--- START ---
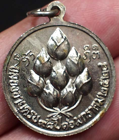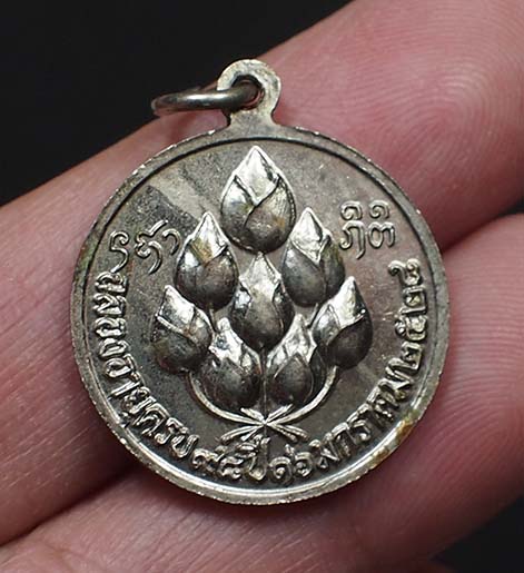 เหรียญหลวงปู่แหวน วัดดอยแม่ปั๋ง ฉลองอายุครบ 98 ปี หลังบัว 8 ดอก เนื้อกะไหล่เงิน ปี 2528 จ.เชียงใหม่
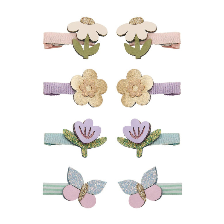 Zarte Blütenformen, ein süßer Schmetterling und sanfte Pastell- sowie Naturtöne mit feinem Glanz machen jede Frisur einfach herzig.
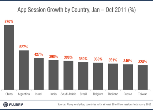 北京時(shí)間11月3日消息,據(jù)國(guó)外媒體報(bào)道,日前,移動(dòng)應(yīng)用分析網(wǎng)站Flurry發(fā)表分析文章稱,iOS和Android移動(dòng)應(yīng)用的下載量不斷增加,而中國(guó)的移動(dòng)應(yīng)用下載量和新應(yīng)用需求更是迅猛增長(zhǎng),中國(guó)已經(jīng)一躍成為全球第二大移動(dòng)應(yīng)用市場(chǎng),全球應(yīng)用開發(fā)者都不可忽視中國(guó)市場(chǎng)。
--- END ---
■ INSTRUCTIONS TO FOLLOW:
In your copy, omit the pictures and restate every line of the data word for word.

■ RESPONSE TO THIS TASK:
 เหรียญหลวงปู่แหวน วัดดอยแม่ปั๋ง ฉลองอายุครบ 98 ปี หลังบัว 8 ดอก เนื้อกะไหล่เงิน ปี 2528 จ.เชียงใหม่
 Zarte Blütenformen, ein süßer Schmetterling und sanfte Pastell- sowie Naturtöne mit feinem Glanz machen jede Frisur einfach herzig.
 北京時(shí)間11月3日消息,據(jù)國(guó)外媒體報(bào)道,日前,移動(dòng)應(yīng)用分析網(wǎng)站Flurry發(fā)表分析文章稱,iOS和Android移動(dòng)應(yīng)用的下載量不斷增加,而中國(guó)的移動(dòng)應(yīng)用下載量和新應(yīng)用需求更是迅猛增長(zhǎng),中國(guó)已經(jīng)一躍成為全球第二大移動(dòng)應(yīng)用市場(chǎng),全球應(yīng)用開發(fā)者都不可忽視中國(guó)市場(chǎng)。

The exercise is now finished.